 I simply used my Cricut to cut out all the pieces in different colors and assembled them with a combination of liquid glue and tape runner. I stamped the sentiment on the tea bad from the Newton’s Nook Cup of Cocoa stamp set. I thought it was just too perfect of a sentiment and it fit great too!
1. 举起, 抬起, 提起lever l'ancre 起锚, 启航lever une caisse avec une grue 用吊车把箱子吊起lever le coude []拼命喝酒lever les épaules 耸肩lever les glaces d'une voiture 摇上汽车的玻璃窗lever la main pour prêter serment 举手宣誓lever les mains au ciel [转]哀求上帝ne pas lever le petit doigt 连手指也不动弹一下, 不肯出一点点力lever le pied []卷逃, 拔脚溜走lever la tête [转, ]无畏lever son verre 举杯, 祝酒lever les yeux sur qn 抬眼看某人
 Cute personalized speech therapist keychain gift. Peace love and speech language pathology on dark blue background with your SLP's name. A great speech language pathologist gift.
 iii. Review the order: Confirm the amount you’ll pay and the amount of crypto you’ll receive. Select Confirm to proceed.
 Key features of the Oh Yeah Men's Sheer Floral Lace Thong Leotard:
---
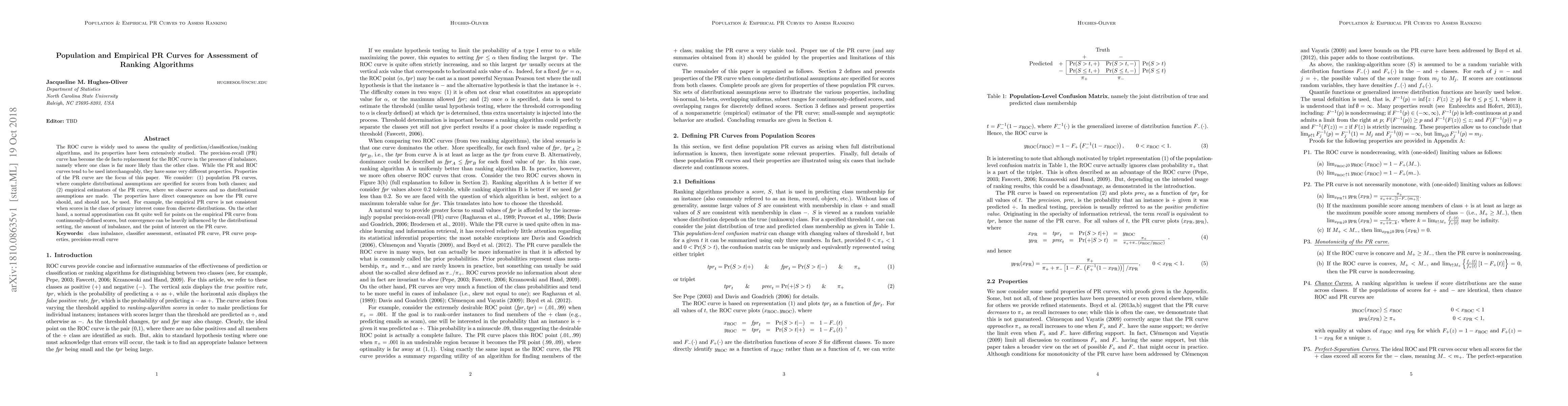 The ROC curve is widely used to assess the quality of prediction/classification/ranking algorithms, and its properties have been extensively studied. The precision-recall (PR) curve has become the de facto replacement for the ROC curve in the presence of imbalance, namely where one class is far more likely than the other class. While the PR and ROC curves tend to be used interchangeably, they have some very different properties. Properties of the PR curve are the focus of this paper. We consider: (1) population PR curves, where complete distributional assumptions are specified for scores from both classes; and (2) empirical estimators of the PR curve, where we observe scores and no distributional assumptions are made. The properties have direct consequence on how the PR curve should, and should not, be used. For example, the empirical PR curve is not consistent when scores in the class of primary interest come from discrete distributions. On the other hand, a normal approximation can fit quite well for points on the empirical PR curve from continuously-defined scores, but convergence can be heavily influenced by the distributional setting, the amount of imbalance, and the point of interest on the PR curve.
* * *
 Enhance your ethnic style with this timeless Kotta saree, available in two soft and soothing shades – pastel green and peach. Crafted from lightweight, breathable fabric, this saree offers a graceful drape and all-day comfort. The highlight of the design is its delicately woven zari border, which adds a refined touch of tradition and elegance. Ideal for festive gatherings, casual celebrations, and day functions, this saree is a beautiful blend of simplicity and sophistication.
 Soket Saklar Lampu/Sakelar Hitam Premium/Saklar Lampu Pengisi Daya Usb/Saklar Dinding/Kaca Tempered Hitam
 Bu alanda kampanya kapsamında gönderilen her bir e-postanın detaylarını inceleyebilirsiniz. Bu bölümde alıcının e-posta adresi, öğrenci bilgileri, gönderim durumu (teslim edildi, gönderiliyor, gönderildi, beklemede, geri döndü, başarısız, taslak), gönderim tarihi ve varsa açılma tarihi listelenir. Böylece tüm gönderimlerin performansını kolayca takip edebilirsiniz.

Exercise aim: Please output exactly the lines between the one holding "iii. Review the" and the one holding "Key features of" in the records above, inclusive, and nothing more.

Response:
 iii. Review the order: Confirm the amount you’ll pay and the amount of crypto you’ll receive. Select Confirm to proceed.
 Key features of the Oh Yeah Men's Sheer Floral Lace Thong Leotard:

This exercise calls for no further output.